Perfect From Now On: How Indie Rock Saved My Life is a ridiculously misleading title that John Sellers borrowed from the 1997 Built To Spill album (which is of considerable higher quality than this book). I had hoped for possilby some in-depth discussion regarding how discovering Pavement and Sonic Youth et al. changed his perspective on life or had some sort of profound influence on his outlook. No. Instead, Sellers treats readers to an inconsistent history of the bands that he has been "obsessed" with since adolescence, eventually dissolving into five chapters discussing, in excruciating detail, how drunk he got with Bob Pollard (Guided By Voices). The book reads like it is, quite accurately, a blogger's attempt at penning something over 500 words: his footnotes drag on and take up half of the page at times, his wit is too forced for comfort. For anyone interested in GBV, I recommend a read. For anyone else, you're going to feel out of place--Sellers is quick to dismiss crucial bands (of the Fall, he says: "Sounds like bad Pavement, sorry").
Ultimately, Sellers knows what he's talking about. He just needs a better editor and some sort of legitimate narrative arc. But, hell, I've got an autographed copy.
"Any self-respecting music fan in 2007 should own an iPod, or another portable digital music player, because these devices represent a cultural shift in the way we listen to music."

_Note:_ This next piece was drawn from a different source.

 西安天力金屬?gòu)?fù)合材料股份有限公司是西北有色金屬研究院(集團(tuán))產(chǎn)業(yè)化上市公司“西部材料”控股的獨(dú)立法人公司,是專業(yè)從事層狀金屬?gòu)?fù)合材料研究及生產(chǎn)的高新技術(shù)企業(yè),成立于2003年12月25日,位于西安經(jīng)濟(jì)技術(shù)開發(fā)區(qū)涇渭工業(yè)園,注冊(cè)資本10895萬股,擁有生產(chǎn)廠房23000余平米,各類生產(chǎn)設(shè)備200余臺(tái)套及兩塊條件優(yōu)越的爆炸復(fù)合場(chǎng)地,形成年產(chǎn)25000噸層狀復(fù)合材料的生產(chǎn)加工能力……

"Now there are a few ways you can give in to musical obsession. You can give in suddenly and briefly--such as when, over the course of a few weeks or months, you find yourself hooked on a particular album (especially a debut album or a breakout album) and start talking up the artist to everyone you know; but then, after seeing a boring live performance or hearing someone you don't respect gush about the music, you just as suddenly denounce the artist as being annoying or unoriginal."

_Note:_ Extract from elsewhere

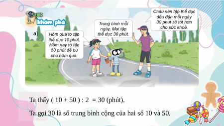Ta thấy ( 10 + 50 ) : 2 = 30 (phút).

"Our differences in listening to music was a major reason I'd retreated from them, my best friends in the world. I wanted to hang out, hold court, and blare music, and they did not. I wanted to go to concerts, get drunk, and let go; they wanted to get up early. It was a drag."

"...there was a television channel that blended two of your favorite pastimes: watching television and listening to music. Now you could literally watch music!"

"In fact--I know this is shallow--I snubbed them party because of the hype. Due to the exhaustion for hype, I no longer felt compelled to listen to the things a person my age was being told to listen to."

"The lyrics of those favored bands were often impossible to decipher, and it fit a phase I was in. Lyrics had been getting in the way because they further cluttered up my head. I required complex, pretty, inscrutable songs turned up very loud to help me avoid thinking that I didn't like myself very much."

"I am forever stuck in a loop of missed opportunity."

"A drinking party is different from a regular party. At normal parties, most attendees follow the strange customs of dancing to bad music, bantering with people they don't like, and flirting without discretion; drinking is secondary. At a drinking party, the idea is simply to hang with your buddies and get drunk."

"By and large they are peopled by hiply dressed twentysomethings standing almost entirely still but for the bobbing of their heads; occasionally some of them might be moved enough to smack their hands against their legs in time to the music."

"The euphoric end of the extremes is what matters: It is simply wrong to love music halfway."